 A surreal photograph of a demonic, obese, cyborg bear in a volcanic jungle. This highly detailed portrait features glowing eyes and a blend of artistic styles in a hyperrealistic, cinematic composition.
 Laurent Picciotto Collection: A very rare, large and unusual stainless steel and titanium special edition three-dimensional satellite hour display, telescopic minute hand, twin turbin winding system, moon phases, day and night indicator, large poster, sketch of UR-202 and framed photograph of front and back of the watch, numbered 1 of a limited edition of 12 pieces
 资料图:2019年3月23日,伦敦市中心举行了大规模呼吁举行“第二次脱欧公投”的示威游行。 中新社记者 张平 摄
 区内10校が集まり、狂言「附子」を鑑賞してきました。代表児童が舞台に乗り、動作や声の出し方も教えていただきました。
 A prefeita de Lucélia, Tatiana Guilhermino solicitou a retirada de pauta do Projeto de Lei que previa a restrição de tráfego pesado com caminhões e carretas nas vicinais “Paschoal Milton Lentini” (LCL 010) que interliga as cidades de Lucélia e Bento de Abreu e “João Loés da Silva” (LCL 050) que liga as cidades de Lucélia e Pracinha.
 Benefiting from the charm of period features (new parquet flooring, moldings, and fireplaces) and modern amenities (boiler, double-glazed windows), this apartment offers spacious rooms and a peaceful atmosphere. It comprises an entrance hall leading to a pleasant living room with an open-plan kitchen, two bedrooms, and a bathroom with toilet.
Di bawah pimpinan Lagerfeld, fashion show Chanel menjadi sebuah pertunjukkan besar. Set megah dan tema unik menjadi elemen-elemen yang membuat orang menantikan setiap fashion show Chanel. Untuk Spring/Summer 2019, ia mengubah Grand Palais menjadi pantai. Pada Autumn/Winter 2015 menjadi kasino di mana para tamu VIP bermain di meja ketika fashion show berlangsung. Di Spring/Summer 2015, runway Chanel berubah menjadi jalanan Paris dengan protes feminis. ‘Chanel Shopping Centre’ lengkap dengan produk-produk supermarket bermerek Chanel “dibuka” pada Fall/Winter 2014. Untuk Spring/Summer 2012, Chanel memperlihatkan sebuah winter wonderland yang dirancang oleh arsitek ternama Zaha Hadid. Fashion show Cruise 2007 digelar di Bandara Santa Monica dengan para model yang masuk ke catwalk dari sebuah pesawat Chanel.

# # # # # # #

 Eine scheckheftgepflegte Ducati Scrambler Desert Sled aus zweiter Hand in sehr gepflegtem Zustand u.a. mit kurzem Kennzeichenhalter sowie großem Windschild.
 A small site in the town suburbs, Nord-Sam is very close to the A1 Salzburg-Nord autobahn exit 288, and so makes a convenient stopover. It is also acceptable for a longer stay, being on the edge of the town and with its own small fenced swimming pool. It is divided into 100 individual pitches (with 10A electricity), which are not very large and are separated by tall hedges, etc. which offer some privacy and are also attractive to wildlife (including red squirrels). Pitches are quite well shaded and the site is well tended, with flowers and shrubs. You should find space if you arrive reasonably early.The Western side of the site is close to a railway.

# # # # # # #

Assigned task → Report only the number of lines in the records that include the word "photograph".

Exercise result → 2